* [What the exercise asks]: Reproduce the listing in full, pictures excluded.

* [Data block]:
*** Begin section ***
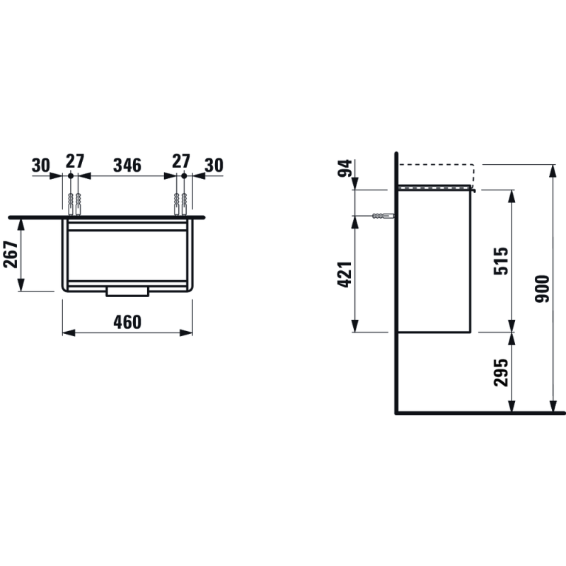 Spintelė praustuvui, Matmenys(PxAxG) - 265x530x470 mm, Blizgios baltos spalvos, Su durelėmis, Tinka praustuvui Laufen 815954, 2 metų garantija
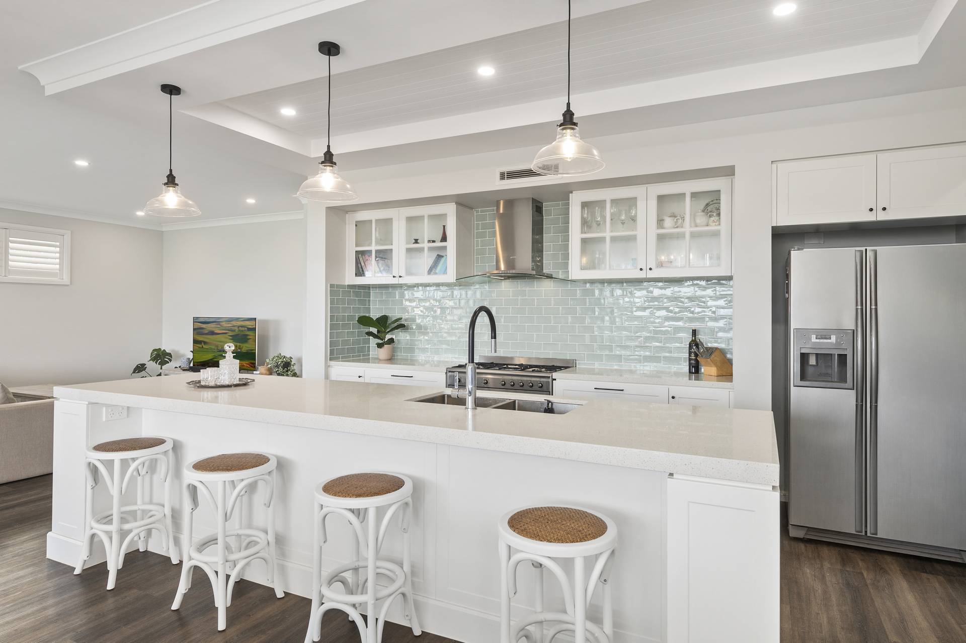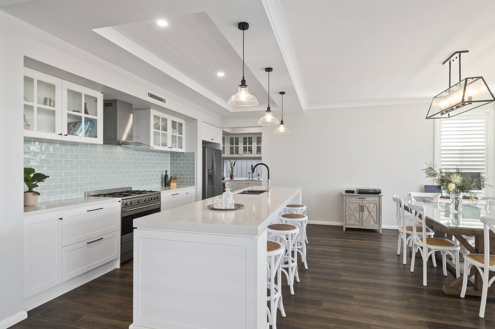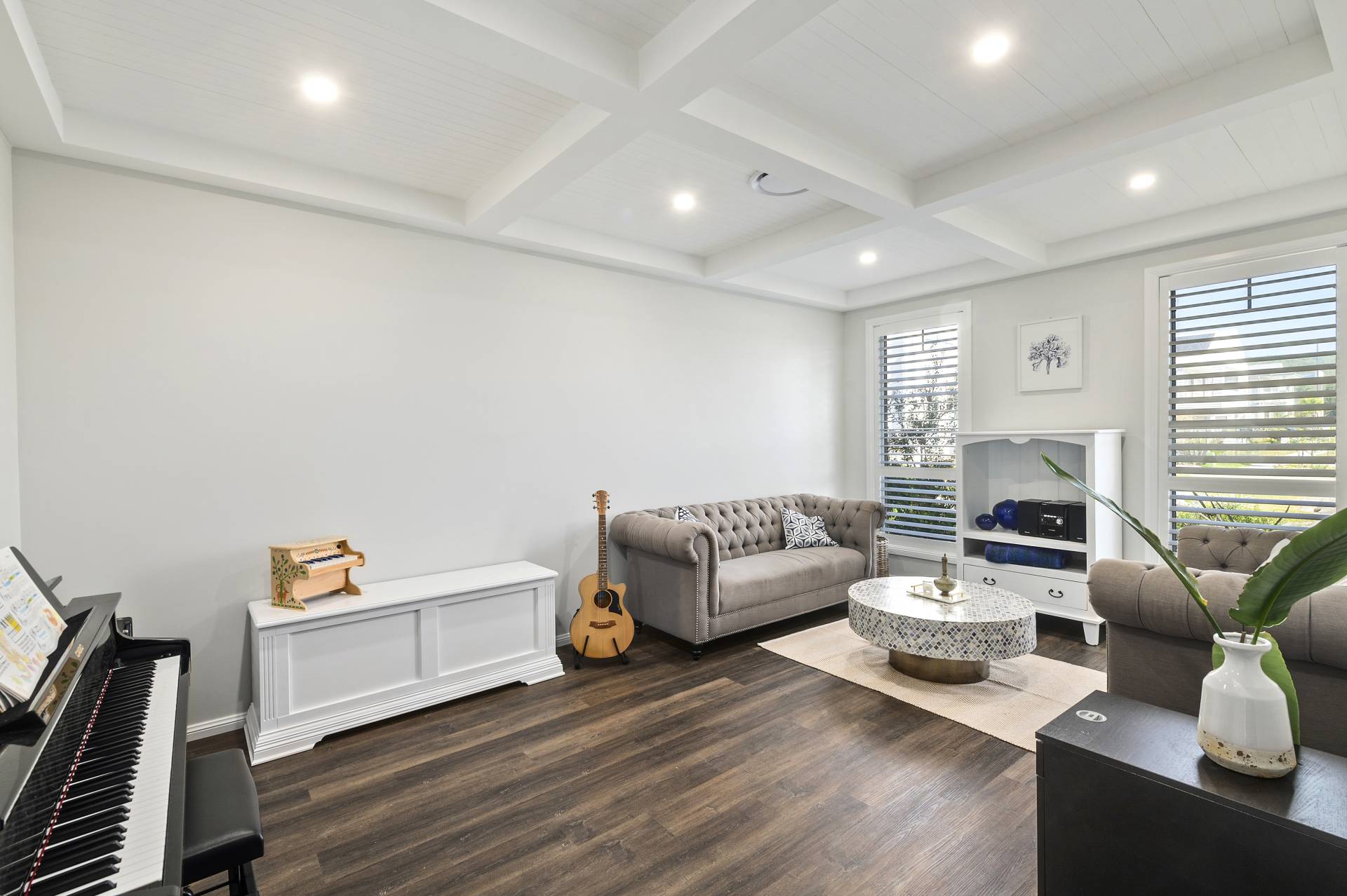Positioned in the heart of the prestigious Shell Cove community, 17 Seaboard Way stands as a masterclass in coastal luxury, where grand proportions meet sophisticated, modern design. An expansive five-bedroom residence meticulously crafted to offer a lifestyle of effortless elegance, catering specifically to those who value space and quality while offering a floorplan perfect for meeting the unique requirements of multi-generational living. From the moment you step through the entrance, the high calibre of this generously proportioned residence is evident, featuring engineered hardwood floors in a deep warm brown that provide a striking, grounded contrast against the pale neutral walls of white and light dove grey.
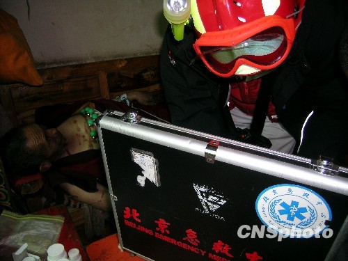 北京急救中心队员救援地震灾区村民。中新社发 张正尤 摄
*** End section ***
* [Exercise solution]:
 Spintelė praustuvui, Matmenys(PxAxG) - 265x530x470 mm, Blizgios baltos spalvos, Su durelėmis, Tinka praustuvui Laufen 815954, 2 metų garantija
Positioned in the heart of the prestigious Shell Cove community, 17 Seaboard Way stands as a masterclass in coastal luxury, where grand proportions meet sophisticated, modern design. An expansive five-bedroom residence meticulously crafted to offer a lifestyle of effortless elegance, catering specifically to those who value space and quality while offering a floorplan perfect for meeting the unique requirements of multi-generational living. From the moment you step through the entrance, the high calibre of this generously proportioned residence is evident, featuring engineered hardwood floors in a deep warm brown that provide a striking, grounded contrast against the pale neutral walls of white and light dove grey.
 北京急救中心队员救援地震灾区村民。中新社发 张正尤 摄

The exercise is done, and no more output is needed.